Dataset items.
----
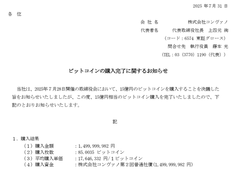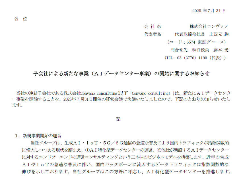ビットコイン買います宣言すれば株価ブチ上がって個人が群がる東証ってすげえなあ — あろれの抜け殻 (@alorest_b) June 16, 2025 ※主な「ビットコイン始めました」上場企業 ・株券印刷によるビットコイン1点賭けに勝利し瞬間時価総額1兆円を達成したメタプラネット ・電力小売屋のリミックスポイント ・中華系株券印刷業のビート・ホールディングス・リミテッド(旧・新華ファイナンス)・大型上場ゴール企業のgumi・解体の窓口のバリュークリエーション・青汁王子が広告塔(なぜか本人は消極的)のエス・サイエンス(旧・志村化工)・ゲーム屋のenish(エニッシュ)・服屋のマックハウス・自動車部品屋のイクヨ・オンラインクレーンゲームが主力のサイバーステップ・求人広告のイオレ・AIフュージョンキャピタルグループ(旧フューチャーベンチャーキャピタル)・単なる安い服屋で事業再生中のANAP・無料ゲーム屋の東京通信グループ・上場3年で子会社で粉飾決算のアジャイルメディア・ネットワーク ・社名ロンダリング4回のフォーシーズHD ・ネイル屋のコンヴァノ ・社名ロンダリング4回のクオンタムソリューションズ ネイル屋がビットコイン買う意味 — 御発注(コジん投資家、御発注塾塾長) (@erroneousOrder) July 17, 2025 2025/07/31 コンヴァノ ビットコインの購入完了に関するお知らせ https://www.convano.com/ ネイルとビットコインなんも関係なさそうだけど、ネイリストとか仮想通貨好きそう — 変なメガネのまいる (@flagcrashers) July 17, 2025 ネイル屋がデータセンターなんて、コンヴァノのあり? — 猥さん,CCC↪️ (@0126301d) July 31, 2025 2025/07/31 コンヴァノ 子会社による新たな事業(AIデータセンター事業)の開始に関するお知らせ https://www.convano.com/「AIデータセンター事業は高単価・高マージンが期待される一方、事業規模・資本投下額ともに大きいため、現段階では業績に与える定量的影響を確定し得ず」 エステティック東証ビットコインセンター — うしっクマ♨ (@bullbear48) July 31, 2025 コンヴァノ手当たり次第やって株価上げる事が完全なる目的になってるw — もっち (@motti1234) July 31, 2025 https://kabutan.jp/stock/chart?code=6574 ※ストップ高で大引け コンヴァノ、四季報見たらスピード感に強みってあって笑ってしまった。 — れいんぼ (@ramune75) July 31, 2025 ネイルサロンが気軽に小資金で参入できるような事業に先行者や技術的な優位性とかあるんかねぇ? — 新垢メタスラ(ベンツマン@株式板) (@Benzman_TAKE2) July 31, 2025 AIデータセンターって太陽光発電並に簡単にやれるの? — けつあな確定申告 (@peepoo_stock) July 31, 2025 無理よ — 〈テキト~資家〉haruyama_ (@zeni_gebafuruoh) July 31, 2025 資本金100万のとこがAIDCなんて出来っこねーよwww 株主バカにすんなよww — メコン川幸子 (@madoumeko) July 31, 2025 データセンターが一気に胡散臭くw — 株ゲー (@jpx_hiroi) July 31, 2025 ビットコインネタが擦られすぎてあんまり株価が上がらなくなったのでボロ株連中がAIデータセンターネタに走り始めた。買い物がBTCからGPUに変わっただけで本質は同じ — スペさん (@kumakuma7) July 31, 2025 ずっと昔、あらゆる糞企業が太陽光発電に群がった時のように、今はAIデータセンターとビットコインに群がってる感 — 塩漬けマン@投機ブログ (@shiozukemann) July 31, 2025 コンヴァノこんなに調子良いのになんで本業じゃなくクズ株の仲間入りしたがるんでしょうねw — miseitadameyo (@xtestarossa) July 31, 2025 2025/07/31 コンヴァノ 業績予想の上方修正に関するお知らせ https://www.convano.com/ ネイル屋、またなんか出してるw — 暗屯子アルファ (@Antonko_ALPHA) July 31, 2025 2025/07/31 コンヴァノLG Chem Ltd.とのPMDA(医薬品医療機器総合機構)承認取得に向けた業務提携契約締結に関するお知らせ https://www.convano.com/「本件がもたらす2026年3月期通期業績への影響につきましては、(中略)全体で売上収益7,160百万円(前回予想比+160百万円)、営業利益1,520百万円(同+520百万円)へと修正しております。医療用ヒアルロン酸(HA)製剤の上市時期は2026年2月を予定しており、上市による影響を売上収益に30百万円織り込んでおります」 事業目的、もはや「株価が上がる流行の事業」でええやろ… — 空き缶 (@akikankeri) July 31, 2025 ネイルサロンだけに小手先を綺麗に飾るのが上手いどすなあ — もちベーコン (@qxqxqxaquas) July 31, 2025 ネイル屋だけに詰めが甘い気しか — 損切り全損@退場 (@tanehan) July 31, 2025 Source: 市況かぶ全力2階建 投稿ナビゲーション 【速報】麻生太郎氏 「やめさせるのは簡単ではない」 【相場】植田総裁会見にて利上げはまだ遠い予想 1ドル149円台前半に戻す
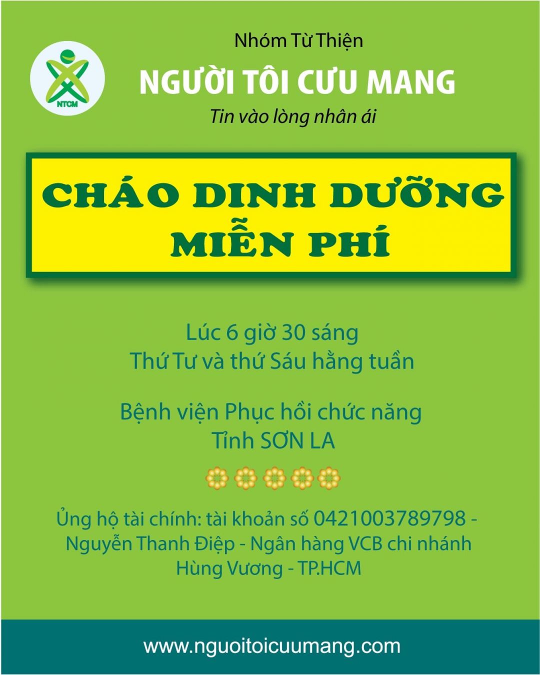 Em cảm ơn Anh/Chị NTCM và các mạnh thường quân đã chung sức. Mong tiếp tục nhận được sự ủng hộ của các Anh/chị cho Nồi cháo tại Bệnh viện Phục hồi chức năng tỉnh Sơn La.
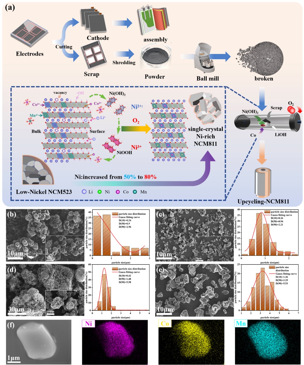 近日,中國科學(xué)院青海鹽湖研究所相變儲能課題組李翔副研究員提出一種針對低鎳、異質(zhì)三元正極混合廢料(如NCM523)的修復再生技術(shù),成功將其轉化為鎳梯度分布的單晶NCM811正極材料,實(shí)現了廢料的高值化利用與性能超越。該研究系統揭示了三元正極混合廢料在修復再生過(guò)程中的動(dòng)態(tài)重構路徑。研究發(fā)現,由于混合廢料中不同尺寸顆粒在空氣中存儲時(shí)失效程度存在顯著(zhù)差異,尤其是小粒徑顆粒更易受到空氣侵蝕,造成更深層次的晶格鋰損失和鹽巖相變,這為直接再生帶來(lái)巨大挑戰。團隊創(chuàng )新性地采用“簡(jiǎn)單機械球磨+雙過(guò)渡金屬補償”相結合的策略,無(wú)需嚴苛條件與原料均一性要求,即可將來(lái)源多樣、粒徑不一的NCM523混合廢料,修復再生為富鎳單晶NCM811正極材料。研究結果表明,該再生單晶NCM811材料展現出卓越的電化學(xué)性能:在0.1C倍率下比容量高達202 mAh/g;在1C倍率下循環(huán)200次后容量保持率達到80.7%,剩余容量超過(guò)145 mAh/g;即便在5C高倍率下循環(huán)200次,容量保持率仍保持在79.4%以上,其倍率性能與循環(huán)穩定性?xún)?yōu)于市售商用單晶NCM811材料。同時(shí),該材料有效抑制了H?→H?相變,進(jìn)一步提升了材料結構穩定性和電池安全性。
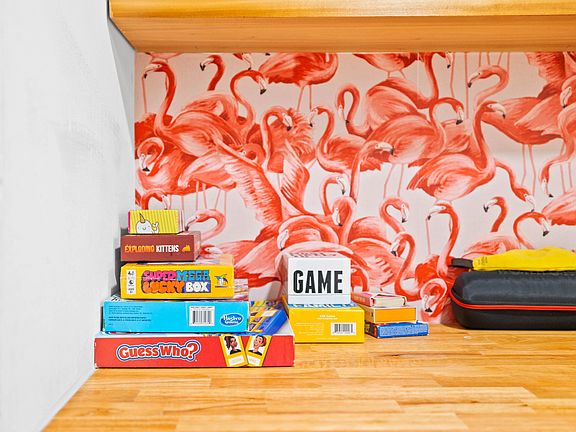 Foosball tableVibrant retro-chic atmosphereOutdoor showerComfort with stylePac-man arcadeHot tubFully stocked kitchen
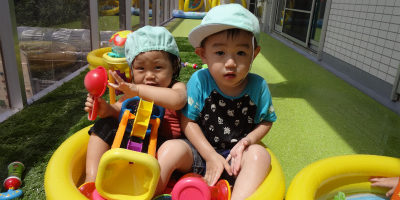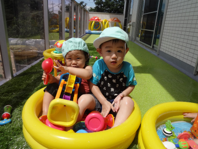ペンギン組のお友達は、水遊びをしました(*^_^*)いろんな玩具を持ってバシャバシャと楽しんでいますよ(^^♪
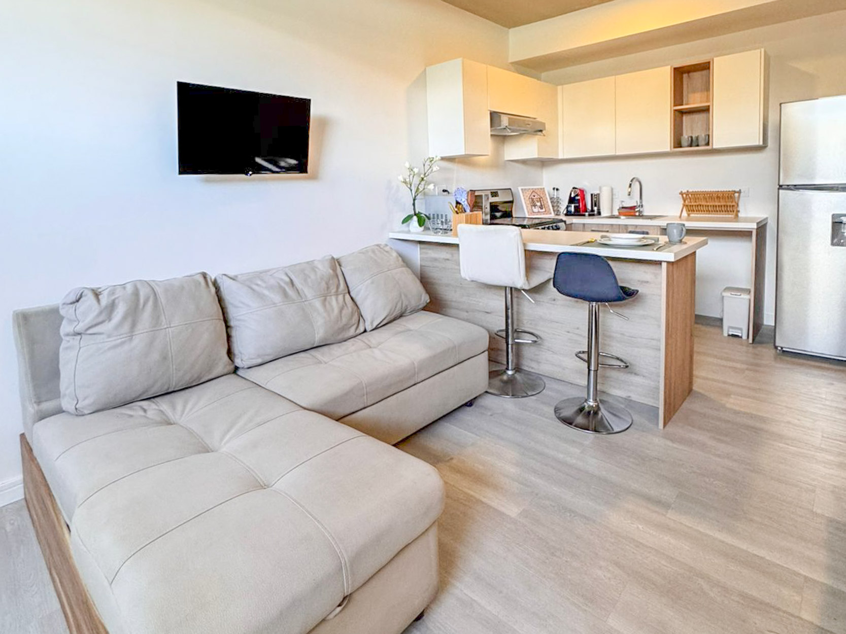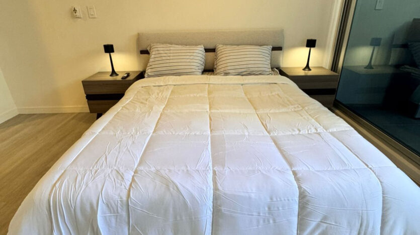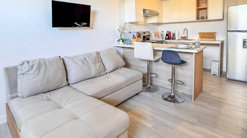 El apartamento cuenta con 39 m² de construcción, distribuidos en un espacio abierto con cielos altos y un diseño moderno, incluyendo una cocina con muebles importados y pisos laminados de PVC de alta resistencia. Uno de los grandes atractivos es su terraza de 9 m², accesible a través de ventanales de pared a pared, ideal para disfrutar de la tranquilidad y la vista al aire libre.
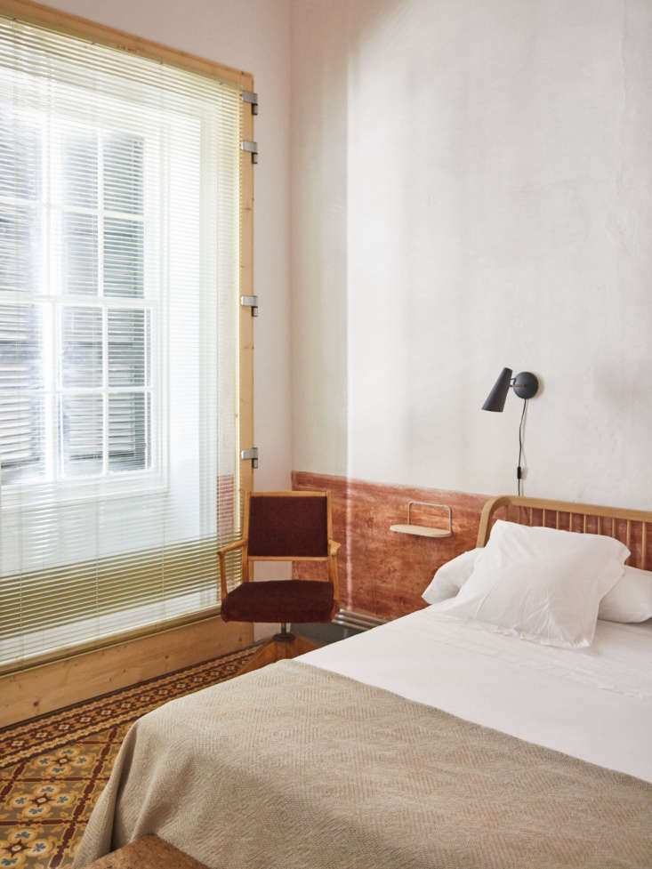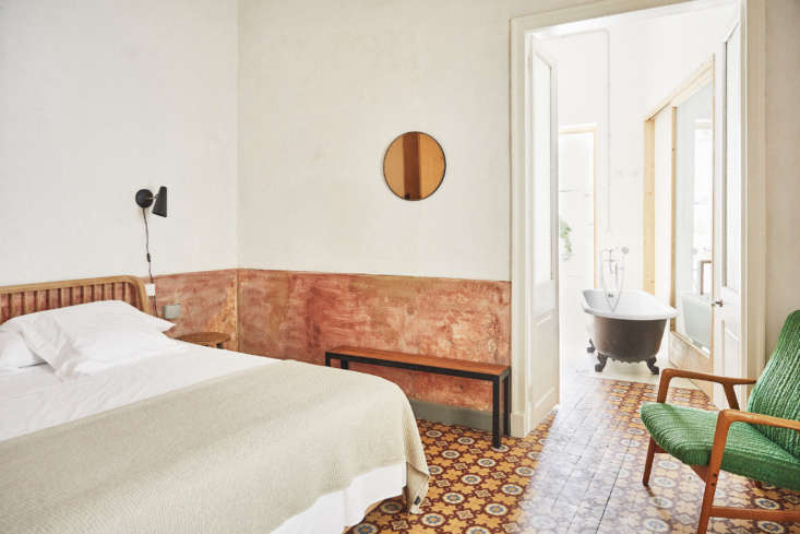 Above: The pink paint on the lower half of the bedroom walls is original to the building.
----
Assigned task. All entries above must be printed again verbatim, with images excluded.

Exercise solution.
ビットコイン買います宣言すれば株価ブチ上がって個人が群がる東証ってすげえなあ — あろれの抜け殻 (@alorest_b) June 16, 2025 ※主な「ビットコイン始めました」上場企業 ・株券印刷によるビットコイン1点賭けに勝利し瞬間時価総額1兆円を達成したメタプラネット ・電力小売屋のリミックスポイント ・中華系株券印刷業のビート・ホールディングス・リミテッド(旧・新華ファイナンス)・大型上場ゴール企業のgumi・解体の窓口のバリュークリエーション・青汁王子が広告塔(なぜか本人は消極的)のエス・サイエンス(旧・志村化工)・ゲーム屋のenish(エニッシュ)・服屋のマックハウス・自動車部品屋のイクヨ・オンラインクレーンゲームが主力のサイバーステップ・求人広告のイオレ・AIフュージョンキャピタルグループ(旧フューチャーベンチャーキャピタル)・単なる安い服屋で事業再生中のANAP・無料ゲーム屋の東京通信グループ・上場3年で子会社で粉飾決算のアジャイルメディア・ネットワーク ・社名ロンダリング4回のフォーシーズHD ・ネイル屋のコンヴァノ ・社名ロンダリング4回のクオンタムソリューションズ ネイル屋がビットコイン買う意味 — 御発注(コジん投資家、御発注塾塾長) (@erroneousOrder) July 17, 2025 2025/07/31 コンヴァノ ビットコインの購入完了に関するお知らせ https://www.convano.com/ ネイルとビットコインなんも関係なさそうだけど、ネイリストとか仮想通貨好きそう — 変なメガネのまいる (@flagcrashers) July 17, 2025 ネイル屋がデータセンターなんて、コンヴァノのあり? — 猥さん,CCC↪️ (@0126301d) July 31, 2025 2025/07/31 コンヴァノ 子会社による新たな事業(AIデータセンター事業)の開始に関するお知らせ https://www.convano.com/「AIデータセンター事業は高単価・高マージンが期待される一方、事業規模・資本投下額ともに大きいため、現段階では業績に与える定量的影響を確定し得ず」 エステティック東証ビットコインセンター — うしっクマ♨ (@bullbear48) July 31, 2025 コンヴァノ手当たり次第やって株価上げる事が完全なる目的になってるw — もっち (@motti1234) July 31, 2025 https://kabutan.jp/stock/chart?code=6574 ※ストップ高で大引け コンヴァノ、四季報見たらスピード感に強みってあって笑ってしまった。 — れいんぼ (@ramune75) July 31, 2025 ネイルサロンが気軽に小資金で参入できるような事業に先行者や技術的な優位性とかあるんかねぇ? — 新垢メタスラ(ベンツマン@株式板) (@Benzman_TAKE2) July 31, 2025 AIデータセンターって太陽光発電並に簡単にやれるの? — けつあな確定申告 (@peepoo_stock) July 31, 2025 無理よ — 〈テキト~資家〉haruyama_ (@zeni_gebafuruoh) July 31, 2025 資本金100万のとこがAIDCなんて出来っこねーよwww 株主バカにすんなよww — メコン川幸子 (@madoumeko) July 31, 2025 データセンターが一気に胡散臭くw — 株ゲー (@jpx_hiroi) July 31, 2025 ビットコインネタが擦られすぎてあんまり株価が上がらなくなったのでボロ株連中がAIデータセンターネタに走り始めた。買い物がBTCからGPUに変わっただけで本質は同じ — スペさん (@kumakuma7) July 31, 2025 ずっと昔、あらゆる糞企業が太陽光発電に群がった時のように、今はAIデータセンターとビットコインに群がってる感 — 塩漬けマン@投機ブログ (@shiozukemann) July 31, 2025 コンヴァノこんなに調子良いのになんで本業じゃなくクズ株の仲間入りしたがるんでしょうねw — miseitadameyo (@xtestarossa) July 31, 2025 2025/07/31 コンヴァノ 業績予想の上方修正に関するお知らせ https://www.convano.com/ ネイル屋、またなんか出してるw — 暗屯子アルファ (@Antonko_ALPHA) July 31, 2025 2025/07/31 コンヴァノLG Chem Ltd.とのPMDA(医薬品医療機器総合機構)承認取得に向けた業務提携契約締結に関するお知らせ https://www.convano.com/「本件がもたらす2026年3月期通期業績への影響につきましては、(中略)全体で売上収益7,160百万円(前回予想比+160百万円)、営業利益1,520百万円(同+520百万円)へと修正しております。医療用ヒアルロン酸(HA)製剤の上市時期は2026年2月を予定しており、上市による影響を売上収益に30百万円織り込んでおります」 事業目的、もはや「株価が上がる流行の事業」でええやろ… — 空き缶 (@akikankeri) July 31, 2025 ネイルサロンだけに小手先を綺麗に飾るのが上手いどすなあ — もちベーコン (@qxqxqxaquas) July 31, 2025 ネイル屋だけに詰めが甘い気しか — 損切り全損@退場 (@tanehan) July 31, 2025 Source: 市況かぶ全力2階建 投稿ナビゲーション 【速報】麻生太郎氏 「やめさせるのは簡単ではない」 【相場】植田総裁会見にて利上げはまだ遠い予想 1ドル149円台前半に戻す
 Em cảm ơn Anh/Chị NTCM và các mạnh thường quân đã chung sức. Mong tiếp tục nhận được sự ủng hộ của các Anh/chị cho Nồi cháo tại Bệnh viện Phục hồi chức năng tỉnh Sơn La.
 近日,中國科學(xué)院青海鹽湖研究所相變儲能課題組李翔副研究員提出一種針對低鎳、異質(zhì)三元正極混合廢料(如NCM523)的修復再生技術(shù),成功將其轉化為鎳梯度分布的單晶NCM811正極材料,實(shí)現了廢料的高值化利用與性能超越。該研究系統揭示了三元正極混合廢料在修復再生過(guò)程中的動(dòng)態(tài)重構路徑。研究發(fā)現,由于混合廢料中不同尺寸顆粒在空氣中存儲時(shí)失效程度存在顯著(zhù)差異,尤其是小粒徑顆粒更易受到空氣侵蝕,造成更深層次的晶格鋰損失和鹽巖相變,這為直接再生帶來(lái)巨大挑戰。團隊創(chuàng )新性地采用“簡(jiǎn)單機械球磨+雙過(guò)渡金屬補償”相結合的策略,無(wú)需嚴苛條件與原料均一性要求,即可將來(lái)源多樣、粒徑不一的NCM523混合廢料,修復再生為富鎳單晶NCM811正極材料。研究結果表明,該再生單晶NCM811材料展現出卓越的電化學(xué)性能:在0.1C倍率下比容量高達202 mAh/g;在1C倍率下循環(huán)200次后容量保持率達到80.7%,剩余容量超過(guò)145 mAh/g;即便在5C高倍率下循環(huán)200次,容量保持率仍保持在79.4%以上,其倍率性能與循環(huán)穩定性?xún)?yōu)于市售商用單晶NCM811材料。同時(shí),該材料有效抑制了H?→H?相變,進(jìn)一步提升了材料結構穩定性和電池安全性。
 Foosball tableVibrant retro-chic atmosphereOutdoor showerComfort with stylePac-man arcadeHot tubFully stocked kitchen
ペンギン組のお友達は、水遊びをしました(*^_^*)いろんな玩具を持ってバシャバシャと楽しんでいますよ(^^♪
 El apartamento cuenta con 39 m² de construcción, distribuidos en un espacio abierto con cielos altos y un diseño moderno, incluyendo una cocina con muebles importados y pisos laminados de PVC de alta resistencia. Uno de los grandes atractivos es su terraza de 9 m², accesible a través de ventanales de pared a pared, ideal para disfrutar de la tranquilidad y la vista al aire libre.
 Above: The pink paint on the lower half of the bedroom walls is original to the building.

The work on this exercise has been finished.